Legacy: Reconstruction
Reconstruction
President Lincoln hoped that relations between the Union and the seceded states could be restored on the basis of reconciliation, not retribution. He greeted news of Robert E. Lee’s surrender by asking a band on the White House lawn to play “Dixie.” Lincoln hoped that the nation could be reunited without rancor, but he found himself at odds with Republicans in Congress. They wanted to punish the South for seceding and wanted Southern states to guarantee the freedom and rights of African Americans.
Then Lincoln was assassinated in Washington, D.C., on April 14, 1865. The audience at Ford’s Theatre was startled to hear a gunshot from the president’s box, and baffled when actor John Wilkes Booth leaped onto the stage, yelling of vengeance. But Mary Lincoln’s screams revealed the tragedy. The president, shot once in the head, died early the next morning. Northerners were shocked and saddened, then enraged. Even as preparations for his funeral began, a Washington insider noted that Lincoln’s “humane policy” for reuniting North and South now would be “tempered with a great deal of severity.”

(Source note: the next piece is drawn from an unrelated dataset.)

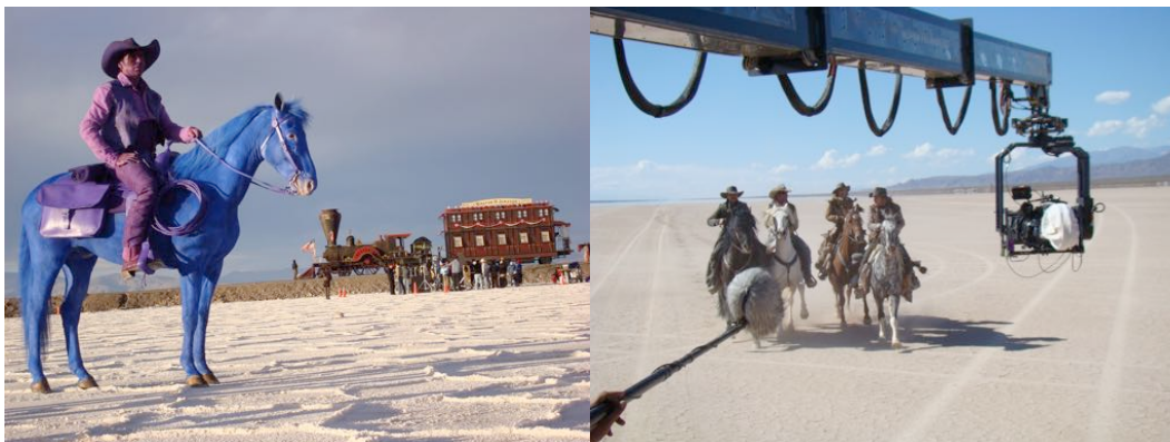
Lucky Luke (Dir: James Huth) 2009 Horses Training

https://vimeo.com/127194049 Cats food commercials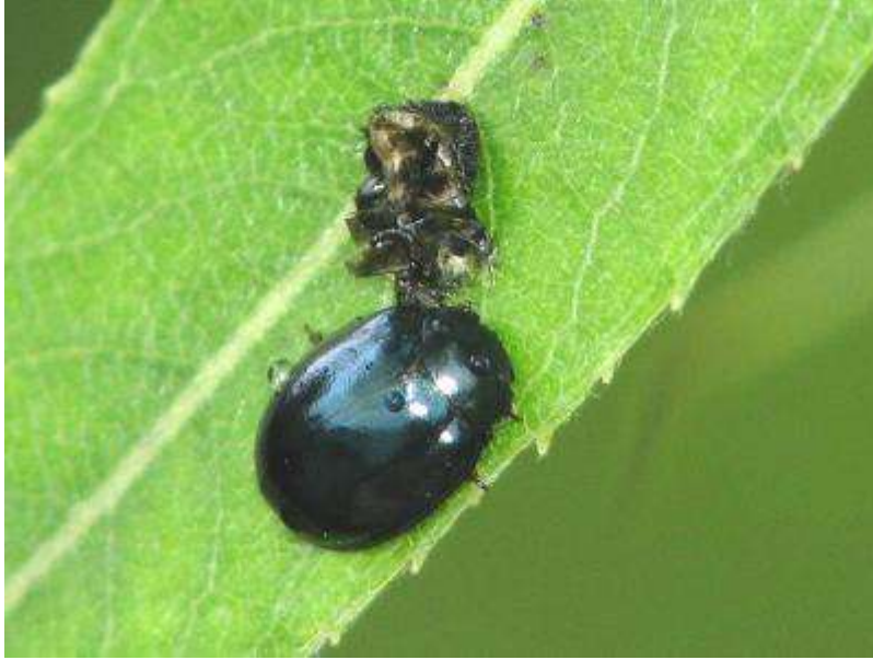
シダレヤナギの葉上のヤナギリハムシ

Lincoln’s assassination, and the ineffectual leadership of his successor, Andrew Johnson, enabled the Congress to control Reconstruction. They divided the South into military districts, withholding statehood from some former Confederate states until 1870.
Among the most important legacies of the Civil War was addition of three amendments to the U.S. Constitution, promising freedom and full rights of citizenship to African Americans. But racism delayed full implementation of the amendments and ultimately brought a new struggle for civil rights.

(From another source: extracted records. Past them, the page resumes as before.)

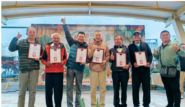
▲ 筆者（右 3）與蘆洲區農會會長官及其他人分享得獎喜悅。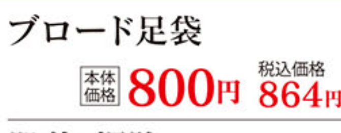
ブロード足袋 本体価格 800円 税込価格 864円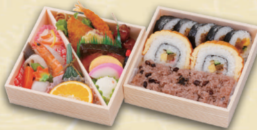
Y-16 2段折詰め「万葉」 <17.5x17.5cm> 本体価格2,037円 2,200円

Amendment XIII to the Constitution, 1865:
Neither slavery nor involuntary servitude
. . . shall exist within the United States.

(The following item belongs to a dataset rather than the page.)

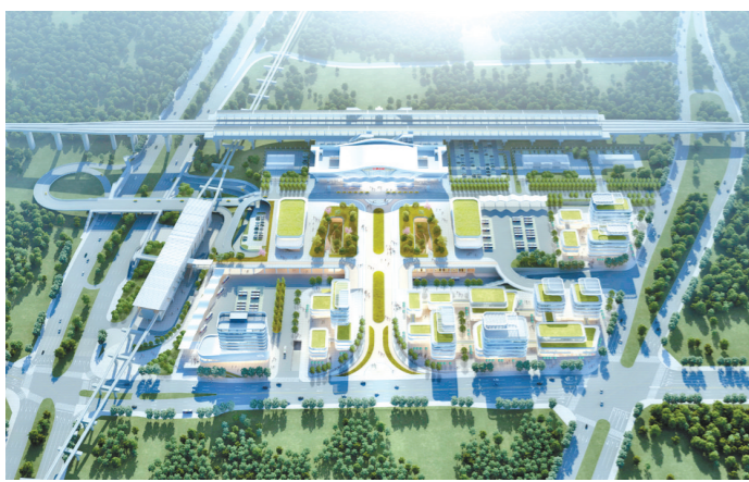
渝昆高铁江津北站综合交通枢纽项目已挂网招标

Amendment XIV to the Constitution, 1868:
No State shall . . . deprive any person of life, liberty, or property, without due process of law; nor deny to any person within its jurisdiction the equal protection of the laws.
Amendment XV to the Constitution, 1870:
The right of citizens of the United States to vote shall not be denied or abridged by the United States or by any State on account of race, color, or previous condition of servitude.
Memorializing the Civil War
America’s bloodiest conflict is also its most memorialized war. Shaping remembrance of the war would be the last act of the conflict. Although veterans’ groups formed immediately after the war, interest initially lagged. By the 1880s, however, old soldiers on both sides were looking back at their service with nostalgia and pride. Encampments, ceremonies, and veterans in parades became commonplace. Battlefields became parks. Thousands of memorials and cemeteries were dedicated. Beyond recognition and nostalgia, politicians in both North and South molded memories of the war in ways that would bolster their own agendas.
The Medal of Honor
The Medal of Honor is the highest award for bravery given to members of the United States military. Congress established the medal in 1861. President Abraham Lincoln approved it for naval service in December and for army service in July 1862. At the time, no award existed to honor servicemen. The Certificate of Merit awarded during the Mexican War had been discontinued.
For service in the Civil War, 1,522 medals were awarded: 1,198 for the army, 307 for the navy, and 17 for the marines. Initially criteria for the medal were lax. Not until the early 20th century did new legislation establish rules that restricted the medal to well-documented acts of extreme bravery and self-sacrifice.